PM IAS GS 3 SYNOPSIS AUG 31

ROLE OF WOMEN IN TERRORISM

Approach:

  1. Introduction.
  2. Elaborately discuss women participation with reasons.
  3. Conclusion.

Women play multiple active and passive roles in carrying out terrorist activities. They are strategic as well as tactical actors for a terrorist organisation. Each parent organisation, such as the ISIS, their affiliates, or independent terrorist organisations, have relied on women to varying capacities to attain their goals. Women have assumed the roles of propagandists, recruiters, and participated in combat operations. ISIS, in Kano, Nigeria, has created all-women morality police units, Hisbah, to ensure other women toe the line on issues like dress codes, among others.

While groups like the Al-Qaeda have restricted women to their societal roles of a wife and a mother, groups such as Al-Shabaab in Somalia have exploited the society’s regressive understanding of women to their advantage. Women have been actively used to recruit, gather intelligence, disseminate propaganda, and shame other men into joining the jihadist cause. They have also raised funds and smuggled goods across checkpoints, evading security checks.

The absence of adequate women’s participation in the police forces has also played into the terrorists’ hands as they are well aware that male officers, due to gender and cultural sensitivities, will refrain from indulging in security checks on women. By February 2022, only 1,400 women had been recruited into the Somali Police Force, out of the total 14,000 individuals serving as police officers. Furthermore, out of 300 members in Darwish, a special unit of the police force, only 30 women have been recruited into the ranks.

The factors that propel women’s involvement in organisations like the Al-Shabaab stem from avenging the death of their kins on account of state-sponsored violence or due to ideological commitment. Recruiters exploit the fact that everyone in Al-Shabaab-controlled territories are mandated to receive religious education. Women have also married into the group for financial and physical security.

Groups such as Boko Haram in Nigeria have used coercion to recruit young women into their ranks as suicide bombers. Using a similar strategy as Al-Shabaab’s, they exploit the regressive gender narrative and rely on primarily dispensable foot soldiers, i.e., women and teenage girls, to cause instability and chaos. During the period 2011–17, Al-Shabaab had used 244 women as suicide bombers.

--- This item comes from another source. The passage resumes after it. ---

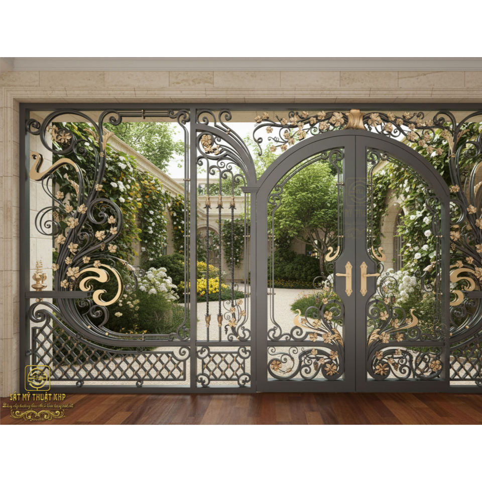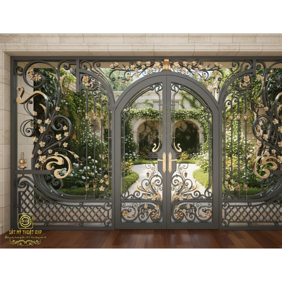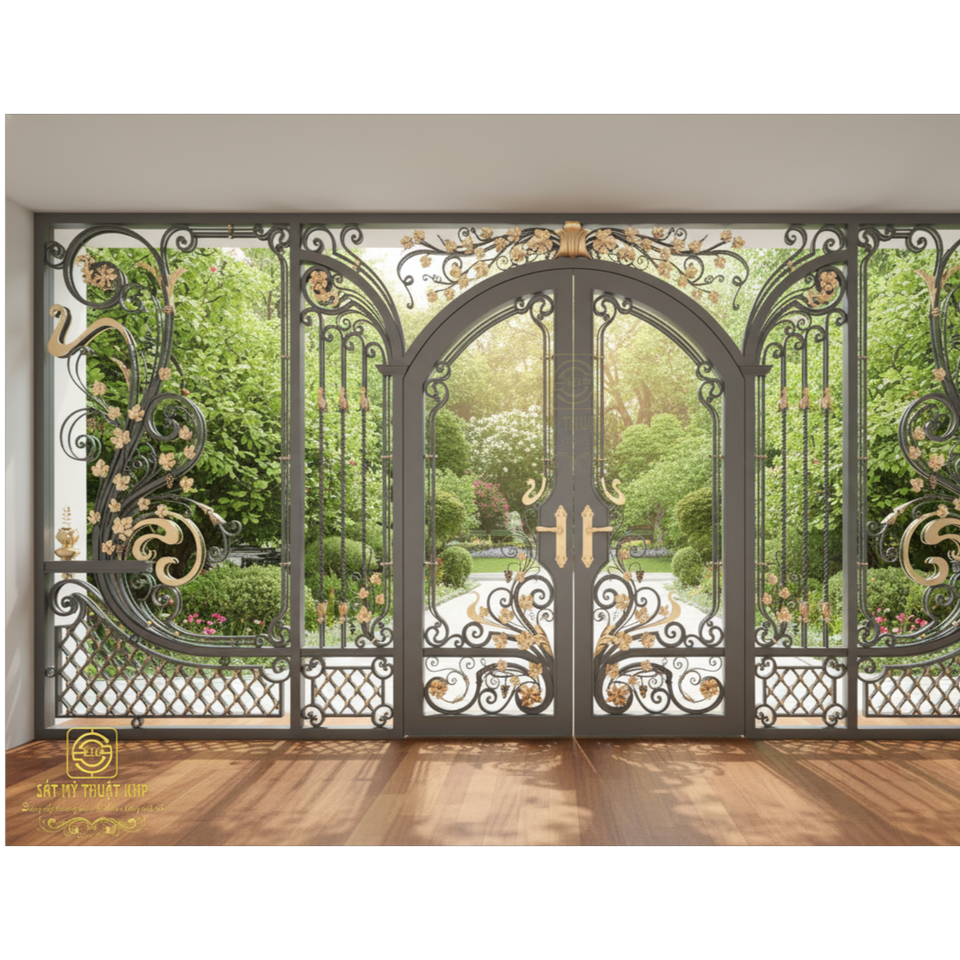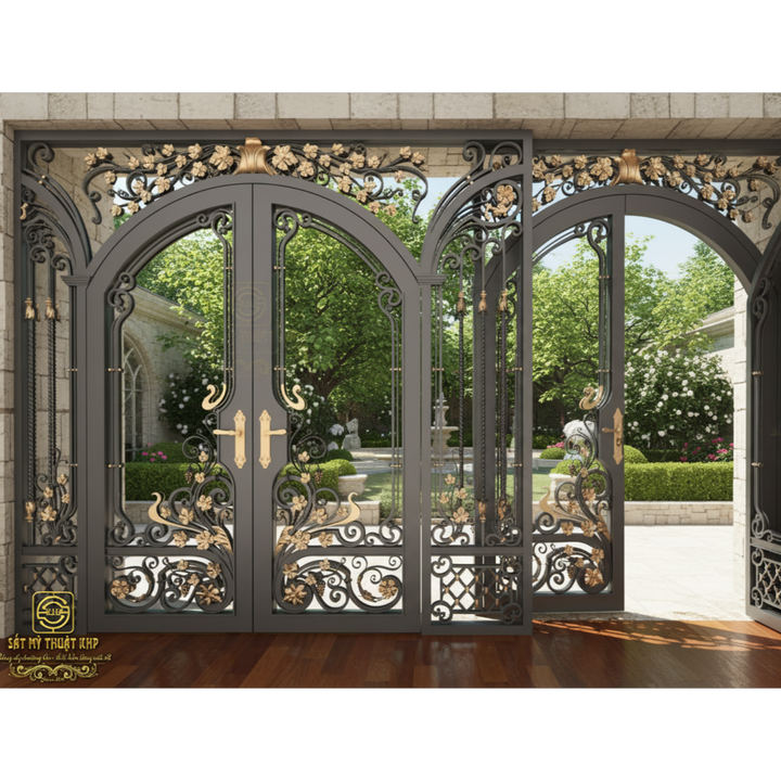 ประตูเหล็กดัดคู่แบบหรูหราทันสมัยสำหรับบ้านวิลล่าขนาดใหญ่ คุณภาพสูง ชุบกัลวาไนซ์ งานฝีมือประณีตจาก KHP

A predominant factor for women to be involved in violent extremism is economic grievance and poverty. Many women who have joined Al-Shabaab are primarily from poor areas. These women are coerced into joining extremist organisations as fighters or informants, on the pretext of securing job opportunity. The terrorist outfits purposefully create a situation where access to resources is denied, rendering the people with no choice but to join the outfit as a means to provide for livelihood. Besides, the involvement of their family members and friends in such groups also adds to the pressure. Corruption and lack of political capacities to provide for the people frustrates the local population to join terrorist groups to punish the government and state forces.

Of the several case studies in Africa to understand the role of women in terrorism, security trends in Western Africa and the Sahel provide compelling insights. The region surrounding northern Mali and bordering Niger and Burkina Faso is plagued with multiple violent extremist outfits, including Islamic State affiliate–Islamic State in the Greater Sahara (ISGS), AQIM, Jama’a Nusrat ul-Islam wa al-Muslimin (JNIM) and others.

The Islamic State has been openly receptive to including women into the rungs of its organisation and it even has a separate female brigade, ‘Al Khansaa Brigade’. The AQIM, on the other hand, has indulged in the practice of ‘jihadi brides’ and encouraged its members to marry the locals to gain local support.

One dimension of this linkage is that jihadist leaders marry women of the local communities, thus securing a sense of safety, support and belongingness to the people. A classic example is the case of AQIM leader, Mokhtar Belmokhtar, who married four women from Tuareg and Arab Berabiche communities to ‘expand his network of influence’.